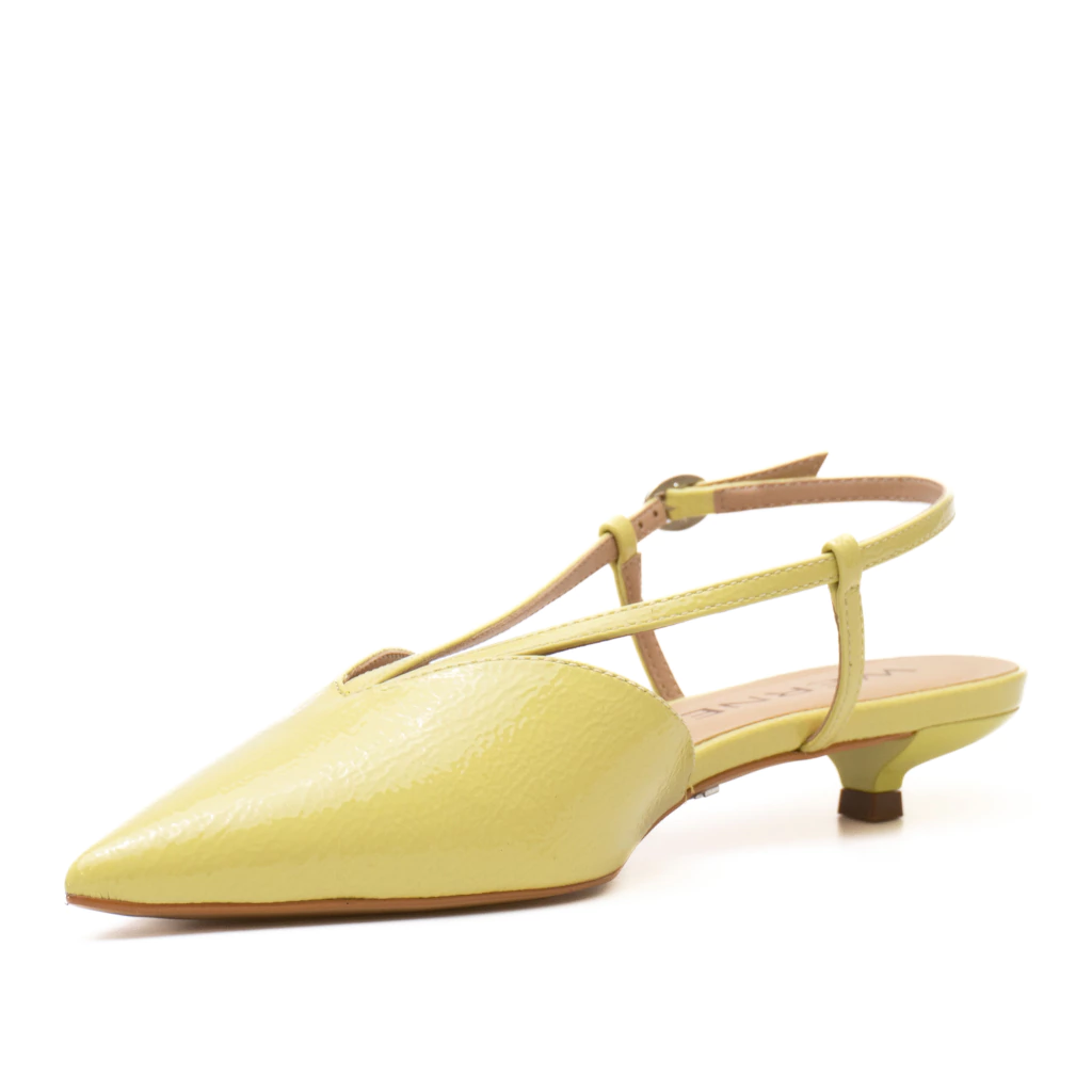 O slingback Kendal apresenta um design delicado, com linhas suaves e uma estrutura refinada. A parte frontal é fechada e em formato alongado e pontiagudo, conferindo um ar elegante e sofisticado. A lateral conta com uma abertura discreta que adiciona leveza ao visual. O modelo é aberto na parte de trás, com uma pequena fivela metálica que permite a regulação e o ajuste ideal ao tornozelo, garantindo estabilidade e conforto. O salto é baixo na altura de 2cm, com base ligeiramente mais larga, oferecendo um equilíbrio entre elegância e praticidade.
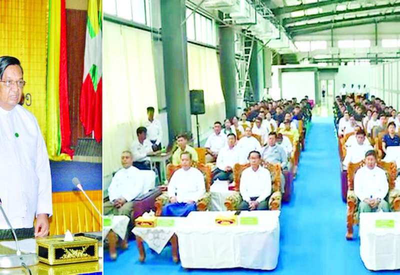 ကလောအနည်ကျချိုင့်ဝှမ်း (Kalaw Basin) အတွင်းရေနံနှင့် သဘာဝဓာတ်ငွေ့ ခိုအောင်းနိုင်သည့်နေရာများ ရှာဖွေဖော်ထုတ်နိုင်ရေး ပထမအကြိမ်ပဏာမစူး စမ်းလေ့လာခြင်းလုပ်ငန်းကွင်းဆင်း ဆောင်ရွက်ကြမည့် ပူးပေါင်းအဖွဲ့များအား တွေ့ဆုံအားပေးခြင်းနှင့် စခန်းချအောင်နိုင်ရေး အလံပေးအပ်ခြင်းအခမ်းအနားကို ယနေ့နံနက်ပိုင်းက စွမ်းအင် ဝန်ကြီးဌာန ရတနာခန်းမ၌ ကျင်းပသည်။
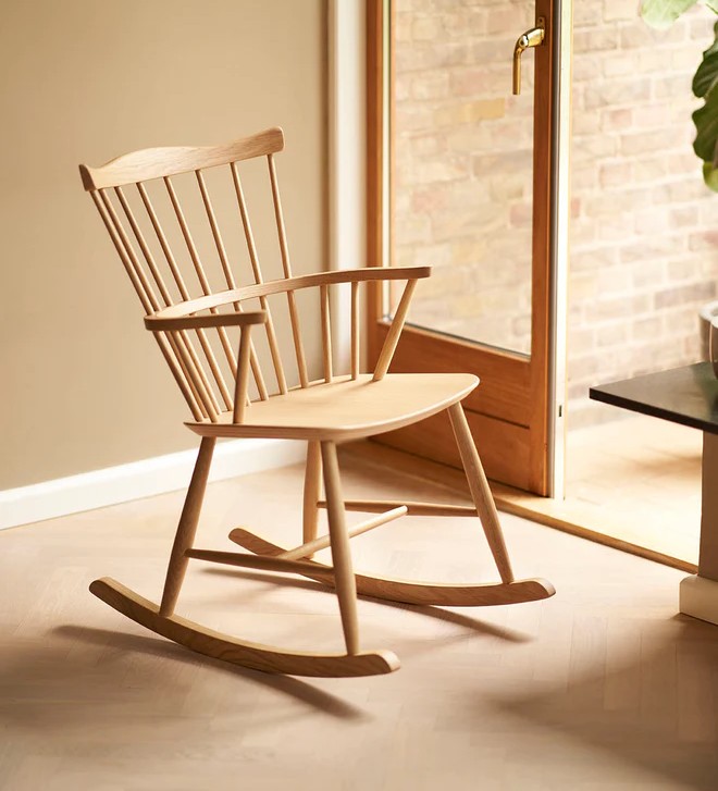Dans un design purement bois et un peu rétro, ce fauteuil à bascule J52G imaginé par Børge Mogensen en 1952. Inspiré par la chaise Windsor anglaise, cette réinterprétation dans un style danois offre du confort avec un minimum de métariaux.
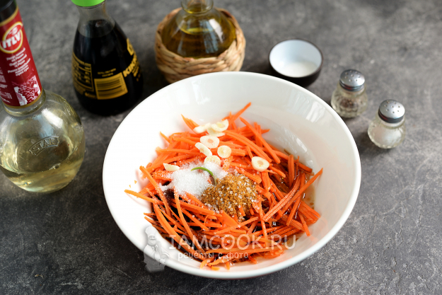 Добавьте уксус, соевый соус, постное масло. Всыпьте все специи и нарубленный чеснок. Соль я использую морскую, ее добавляю неполную чайную ложку, вы кладите по вкусу. Если любите вкус чеснока, тогда пропустите его через пресс. Перемешайте все тщательно.
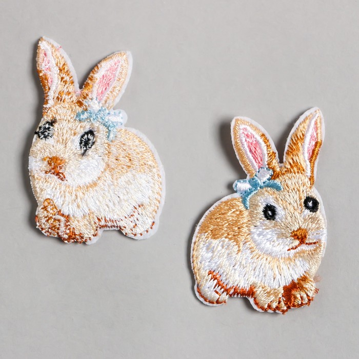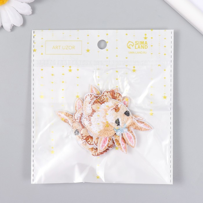 Декор для творчества текстиль вышивка «Кролик с бантиком на ушке», 3.8×5 см
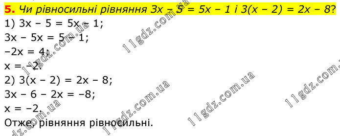 5. Чи рівносильні рівняння Зх – 5 = 5х – 1 і 3(х – 2) = 2х – 8? 1) 3х – 5 = 5х – 1; 3х – 5х = 5 – 1; –2х = 4; х = –2. 2) 3(х – 2) = 2х – 8; 3х – 6 – 2х = –8; х = –2. Отже, рівняння рівносильні.
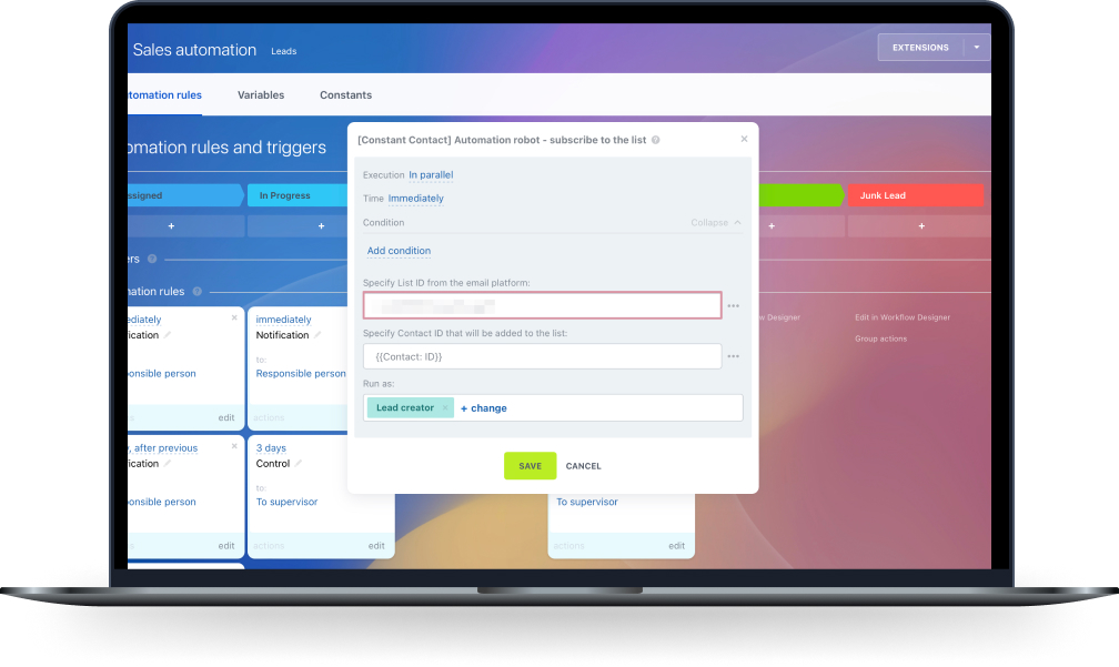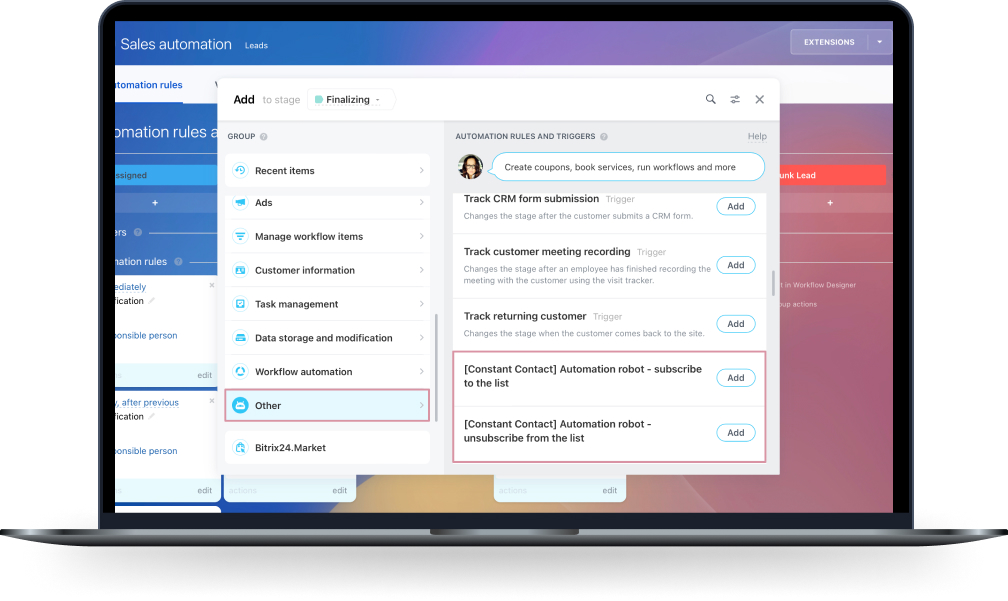 With Bitrix24 custom automation rules, you can automate the entire process and save valuable time and effort. It is plain simple.
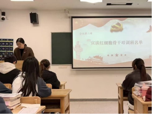 周海霞宣读本届“红细胞”青马工程大学生骨干培训班学员名单,标志着青马班全体学员正式集结。

================

→ WHAT TO PRODUCE: From the data above, return exactly the lines from the one with "Декор для творчества" up to and including the one with "5. Чи рівносильні". Pictures do not go in the copy.

→ EXERCISE OUTPUT:
 Декор для творчества текстиль вышивка «Кролик с бантиком на ушке», 3.8×5 см
 5. Чи рівносильні рівняння Зх – 5 = 5х – 1 і 3(х – 2) = 2х – 8? 1) 3х – 5 = 5х – 1; 3х – 5х = 5 – 1; –2х = 4; х = –2. 2) 3(х – 2) = 2х – 8; 3х – 6 – 2х = –8; х = –2. Отже, рівняння рівносильні.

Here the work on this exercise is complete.